--- Given records Enclosed Below ---

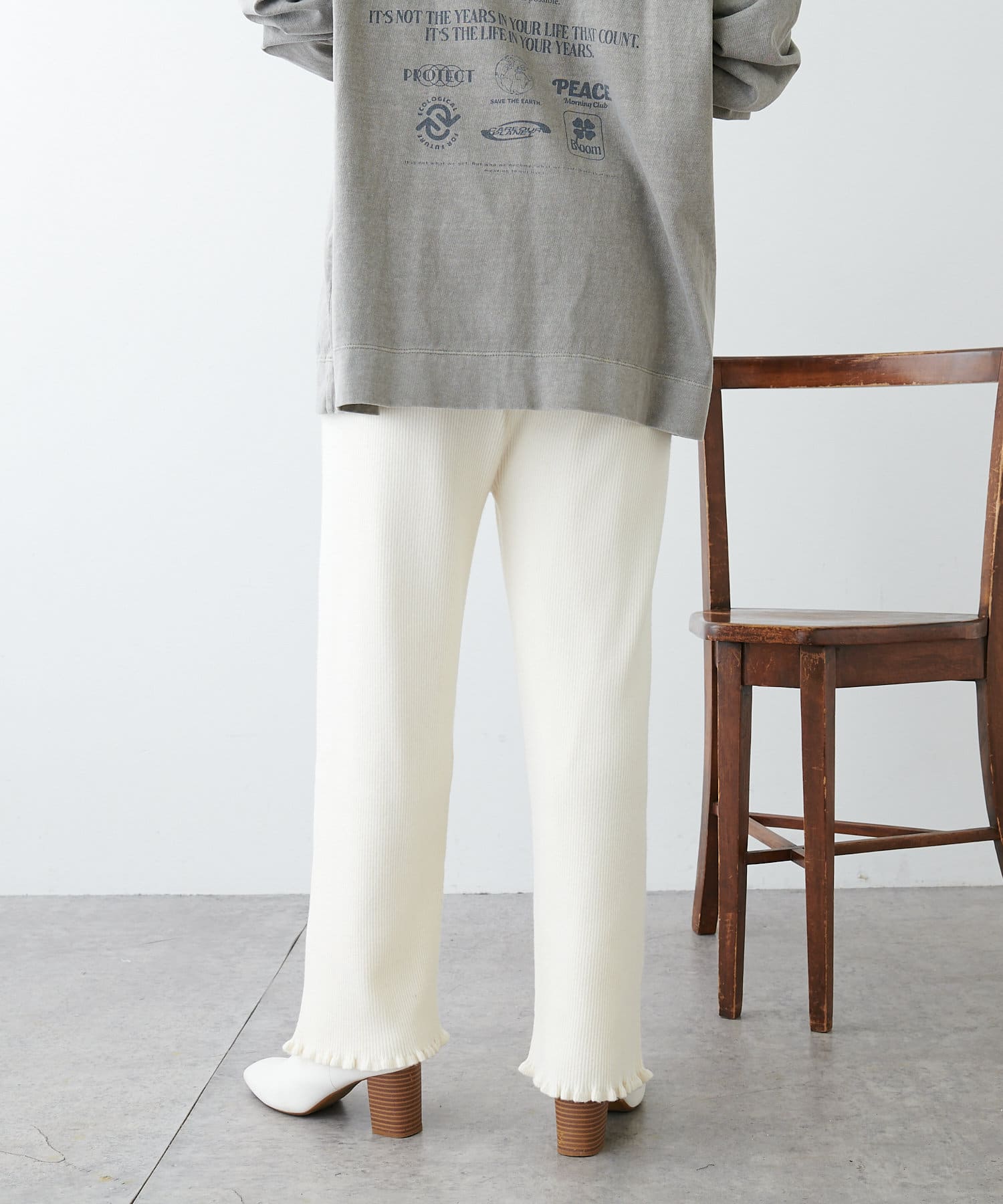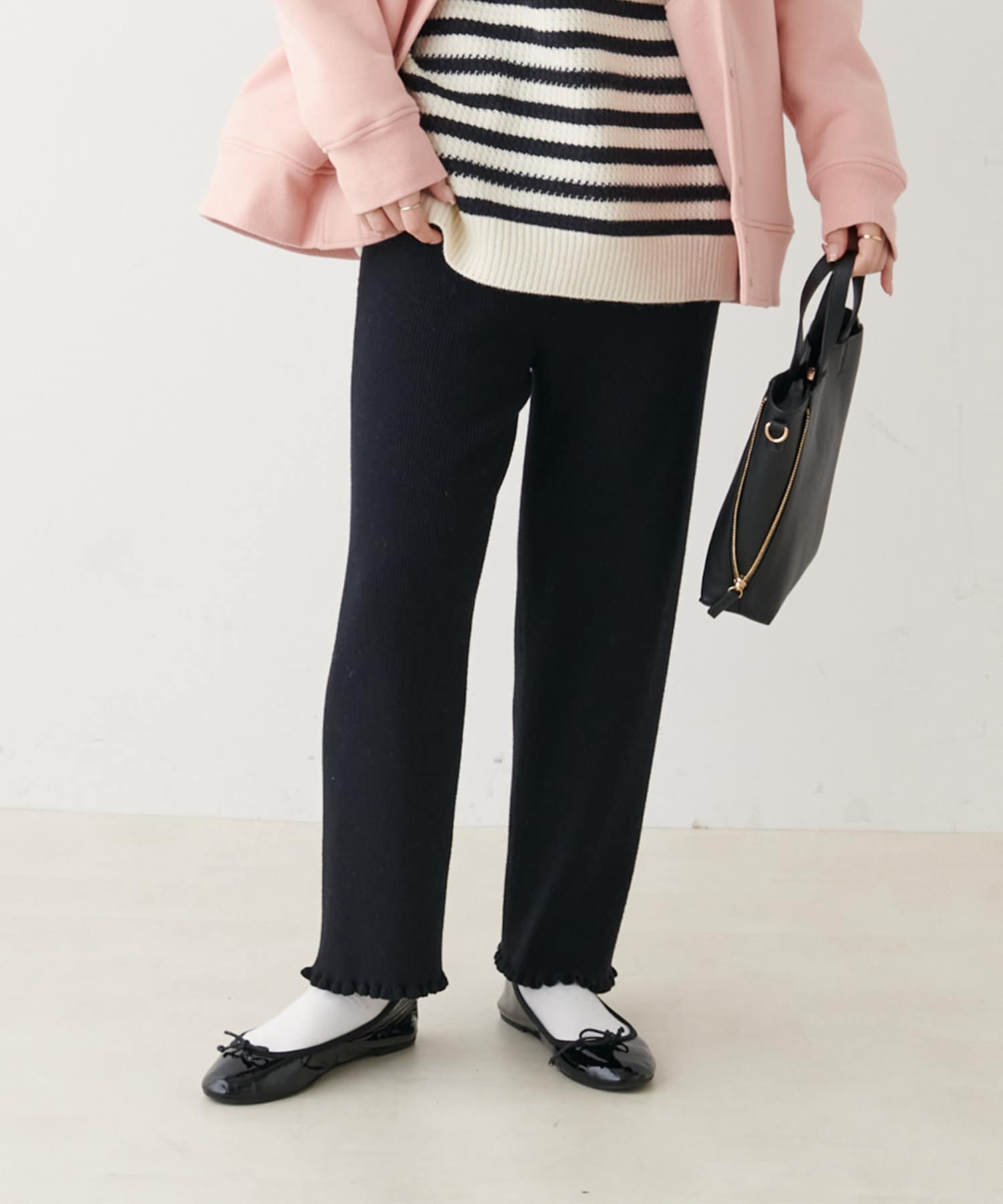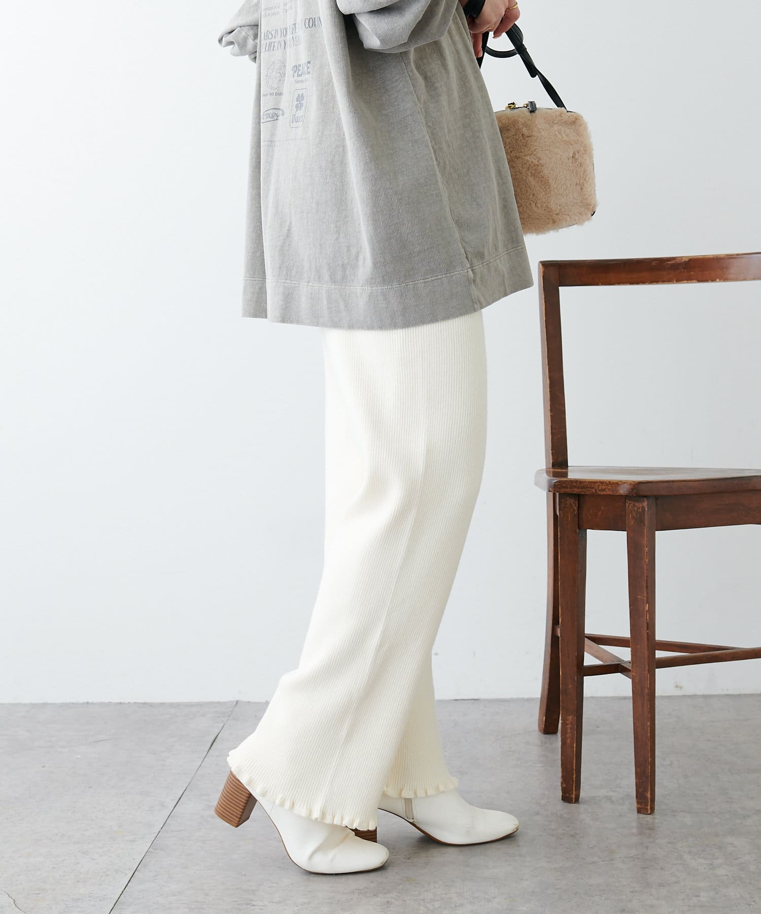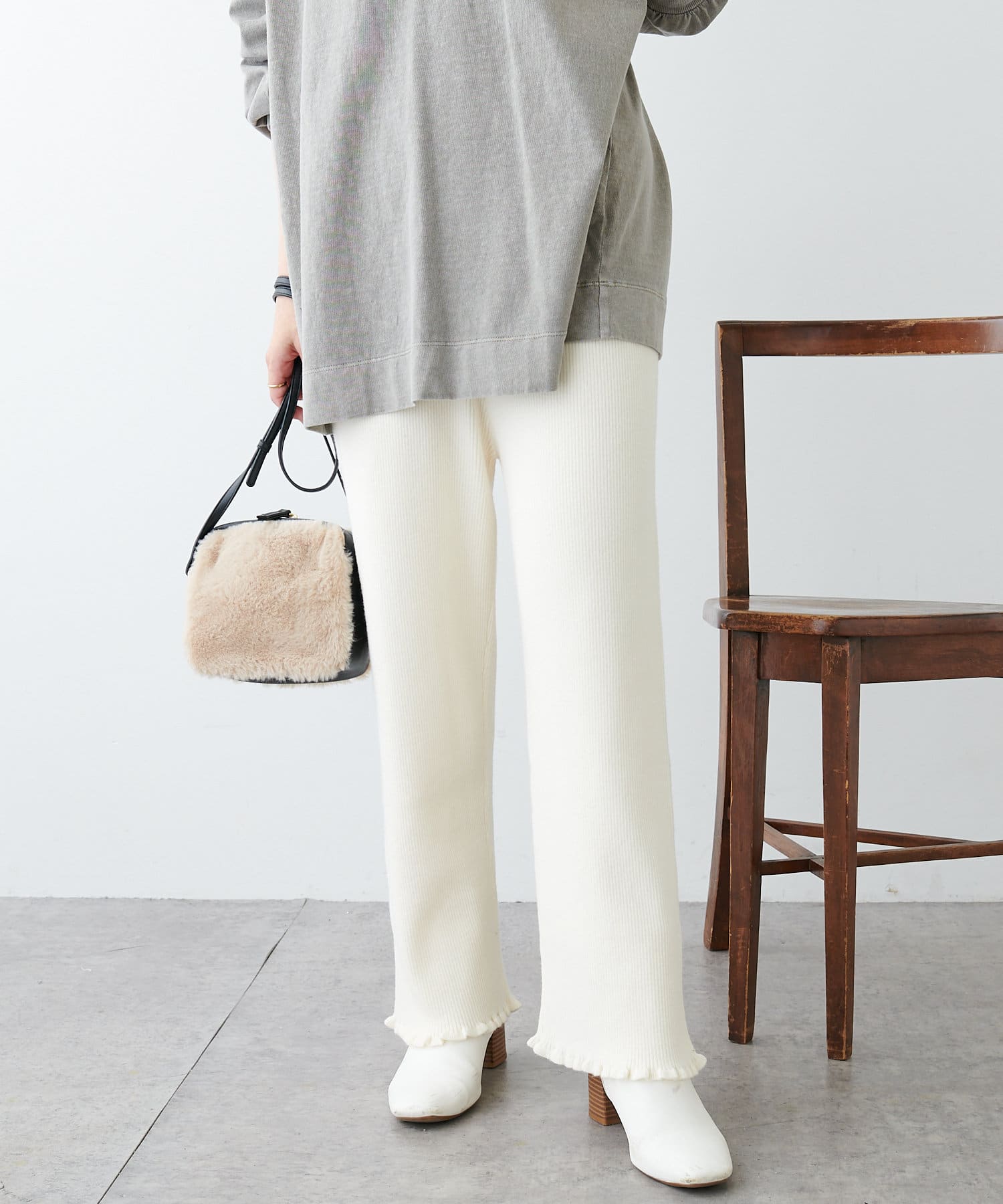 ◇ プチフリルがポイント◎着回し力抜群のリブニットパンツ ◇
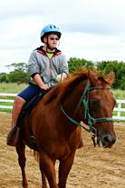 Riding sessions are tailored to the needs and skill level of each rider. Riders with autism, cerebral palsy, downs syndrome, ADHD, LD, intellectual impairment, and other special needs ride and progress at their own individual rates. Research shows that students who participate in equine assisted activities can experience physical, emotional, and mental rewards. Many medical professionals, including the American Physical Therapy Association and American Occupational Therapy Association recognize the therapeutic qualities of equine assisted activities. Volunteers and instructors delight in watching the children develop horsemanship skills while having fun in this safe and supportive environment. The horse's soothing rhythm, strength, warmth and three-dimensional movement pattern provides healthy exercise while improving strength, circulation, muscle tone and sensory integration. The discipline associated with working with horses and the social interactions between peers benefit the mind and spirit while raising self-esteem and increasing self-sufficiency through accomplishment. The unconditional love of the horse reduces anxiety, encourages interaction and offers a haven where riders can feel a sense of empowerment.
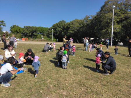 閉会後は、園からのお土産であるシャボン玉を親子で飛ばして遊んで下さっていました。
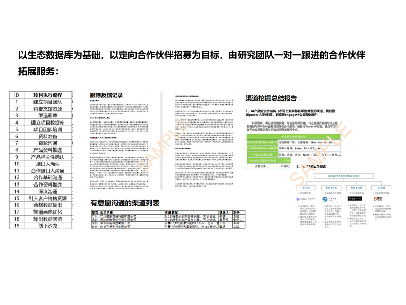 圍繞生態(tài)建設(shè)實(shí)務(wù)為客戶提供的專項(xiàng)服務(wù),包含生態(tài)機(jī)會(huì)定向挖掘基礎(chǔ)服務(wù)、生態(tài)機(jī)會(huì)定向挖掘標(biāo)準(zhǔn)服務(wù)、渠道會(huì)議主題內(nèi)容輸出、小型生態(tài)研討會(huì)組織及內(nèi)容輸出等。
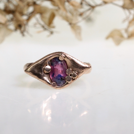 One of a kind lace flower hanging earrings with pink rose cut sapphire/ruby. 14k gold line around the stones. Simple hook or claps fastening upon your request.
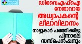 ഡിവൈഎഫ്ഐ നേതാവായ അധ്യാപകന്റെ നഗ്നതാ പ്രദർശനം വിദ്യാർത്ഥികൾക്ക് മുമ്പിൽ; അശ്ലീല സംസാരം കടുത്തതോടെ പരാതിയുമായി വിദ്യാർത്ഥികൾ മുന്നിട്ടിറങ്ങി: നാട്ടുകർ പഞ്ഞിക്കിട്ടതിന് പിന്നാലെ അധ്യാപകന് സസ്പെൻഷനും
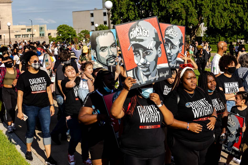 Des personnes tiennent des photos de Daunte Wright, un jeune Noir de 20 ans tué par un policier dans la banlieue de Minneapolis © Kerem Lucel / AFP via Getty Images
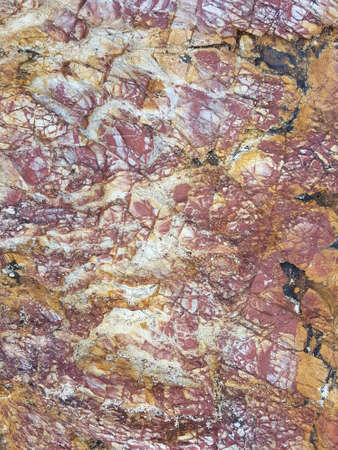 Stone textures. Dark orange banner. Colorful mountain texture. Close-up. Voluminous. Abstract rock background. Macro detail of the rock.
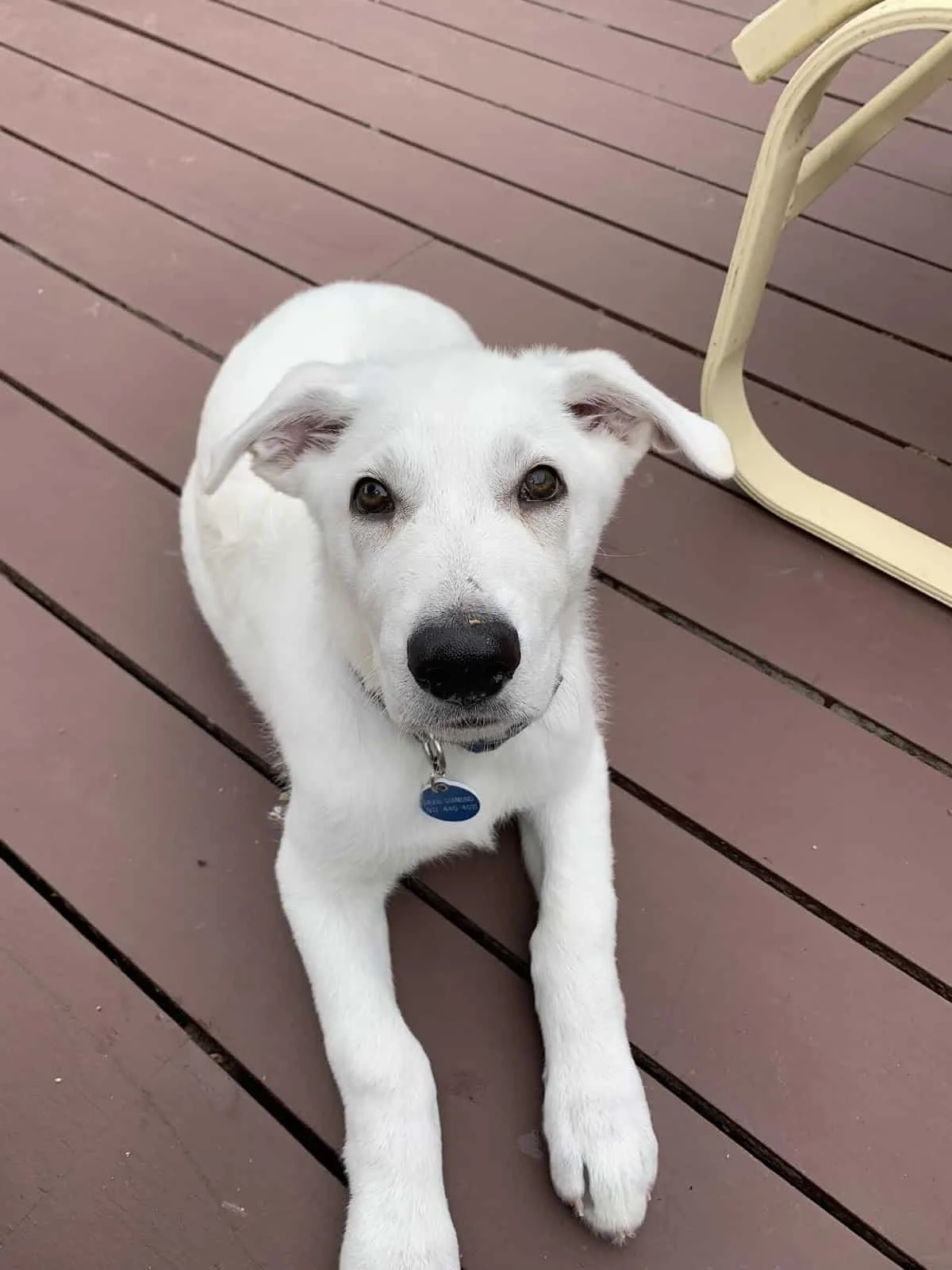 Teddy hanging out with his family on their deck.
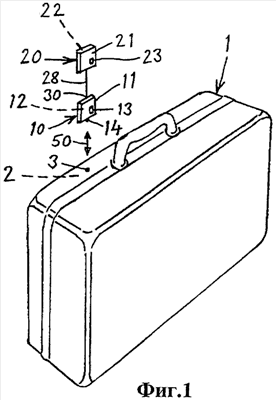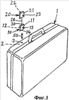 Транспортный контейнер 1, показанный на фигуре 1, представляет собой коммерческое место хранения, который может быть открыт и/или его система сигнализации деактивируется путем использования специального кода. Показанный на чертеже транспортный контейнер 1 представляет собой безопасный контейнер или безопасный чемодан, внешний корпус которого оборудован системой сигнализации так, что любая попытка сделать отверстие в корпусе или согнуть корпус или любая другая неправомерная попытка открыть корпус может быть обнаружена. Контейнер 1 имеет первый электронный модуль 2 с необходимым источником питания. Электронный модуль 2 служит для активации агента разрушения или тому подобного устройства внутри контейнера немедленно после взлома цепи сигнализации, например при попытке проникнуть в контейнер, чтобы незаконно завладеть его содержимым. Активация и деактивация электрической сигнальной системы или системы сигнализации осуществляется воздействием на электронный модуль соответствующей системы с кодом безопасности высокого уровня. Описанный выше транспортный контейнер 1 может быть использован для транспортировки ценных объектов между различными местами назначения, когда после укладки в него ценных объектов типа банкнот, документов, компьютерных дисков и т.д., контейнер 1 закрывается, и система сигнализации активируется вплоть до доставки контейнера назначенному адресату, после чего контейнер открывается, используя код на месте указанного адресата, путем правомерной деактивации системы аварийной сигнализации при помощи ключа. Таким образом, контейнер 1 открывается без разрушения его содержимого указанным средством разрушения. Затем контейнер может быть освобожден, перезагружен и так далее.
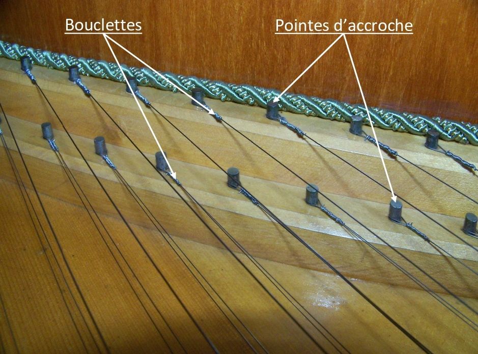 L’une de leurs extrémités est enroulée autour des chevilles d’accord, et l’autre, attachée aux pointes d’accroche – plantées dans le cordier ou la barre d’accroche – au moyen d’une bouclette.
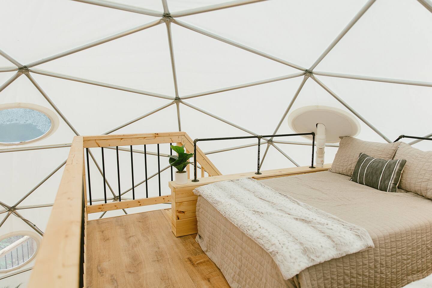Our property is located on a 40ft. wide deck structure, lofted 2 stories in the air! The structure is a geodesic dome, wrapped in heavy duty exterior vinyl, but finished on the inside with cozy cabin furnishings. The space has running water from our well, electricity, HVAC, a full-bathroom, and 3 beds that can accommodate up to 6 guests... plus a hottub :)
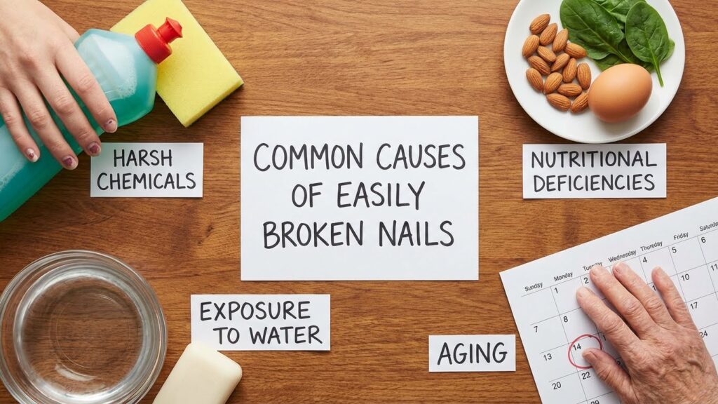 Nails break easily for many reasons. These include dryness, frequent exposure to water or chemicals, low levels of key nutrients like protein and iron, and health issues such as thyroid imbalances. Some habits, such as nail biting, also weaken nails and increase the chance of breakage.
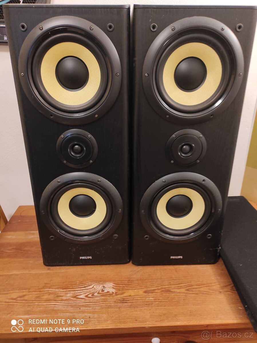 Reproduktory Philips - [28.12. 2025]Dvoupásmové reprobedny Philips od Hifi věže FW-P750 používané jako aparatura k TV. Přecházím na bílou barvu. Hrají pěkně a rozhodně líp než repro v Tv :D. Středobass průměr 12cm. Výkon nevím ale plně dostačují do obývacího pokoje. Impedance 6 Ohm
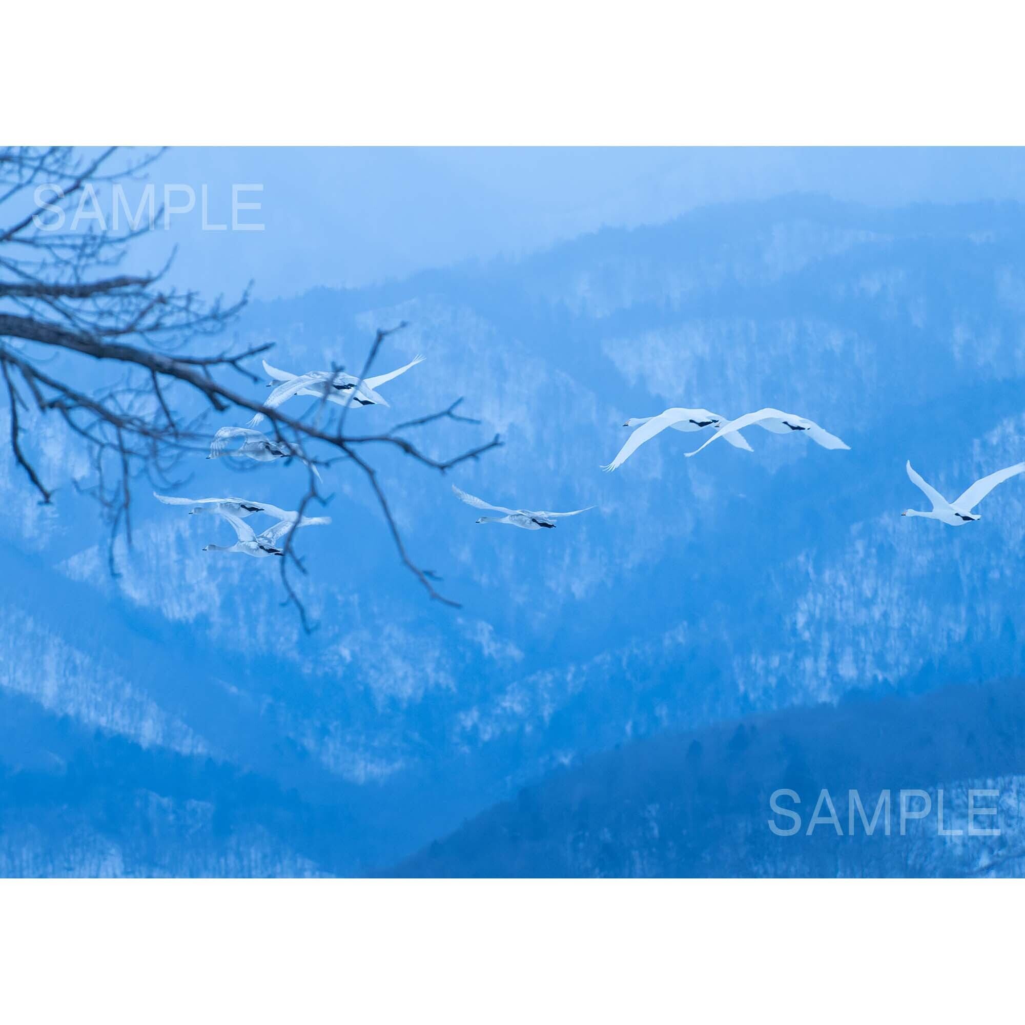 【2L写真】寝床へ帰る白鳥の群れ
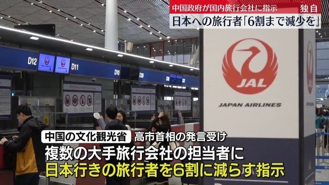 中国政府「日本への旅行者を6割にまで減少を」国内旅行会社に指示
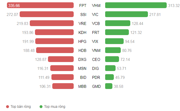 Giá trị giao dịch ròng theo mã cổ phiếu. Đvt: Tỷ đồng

--- End of Enclosed Given records ---

* [Exercise] From the line holding "Stone textures. Dark" to the line holding "L’une de leurs", both included, retype the entries above exactly and drop the pictures.

* [Exercise answer]
 Stone textures. Dark orange banner. Colorful mountain texture. Close-up. Voluminous. Abstract rock background. Macro detail of the rock.
 Teddy hanging out with his family on their deck.
 Транспортный контейнер 1, показанный на фигуре 1, представляет собой коммерческое место хранения, который может быть открыт и/или его система сигнализации деактивируется путем использования специального кода. Показанный на чертеже транспортный контейнер 1 представляет собой безопасный контейнер или безопасный чемодан, внешний корпус которого оборудован системой сигнализации так, что любая попытка сделать отверстие в корпусе или согнуть корпус или любая другая неправомерная попытка открыть корпус может быть обнаружена. Контейнер 1 имеет первый электронный модуль 2 с необходимым источником питания. Электронный модуль 2 служит для активации агента разрушения или тому подобного устройства внутри контейнера немедленно после взлома цепи сигнализации, например при попытке проникнуть в контейнер, чтобы незаконно завладеть его содержимым. Активация и деактивация электрической сигнальной системы или системы сигнализации осуществляется воздействием на электронный модуль соответствующей системы с кодом безопасности высокого уровня. Описанный выше транспортный контейнер 1 может быть использован для транспортировки ценных объектов между различными местами назначения, когда после укладки в него ценных объектов типа банкнот, документов, компьютерных дисков и т.д., контейнер 1 закрывается, и система сигнализации активируется вплоть до доставки контейнера назначенному адресату, после чего контейнер открывается, используя код на месте указанного адресата, путем правомерной деактивации системы аварийной сигнализации при помощи ключа. Таким образом, контейнер 1 открывается без разрушения его содержимого указанным средством разрушения. Затем контейнер может быть освобожден, перезагружен и так далее.
 L’une de leurs extrémités est enroulée autour des chevilles d’accord, et l’autre, attachée aux pointes d’accroche – plantées dans le cordier ou la barre d’accroche – au moyen d’une bouclette.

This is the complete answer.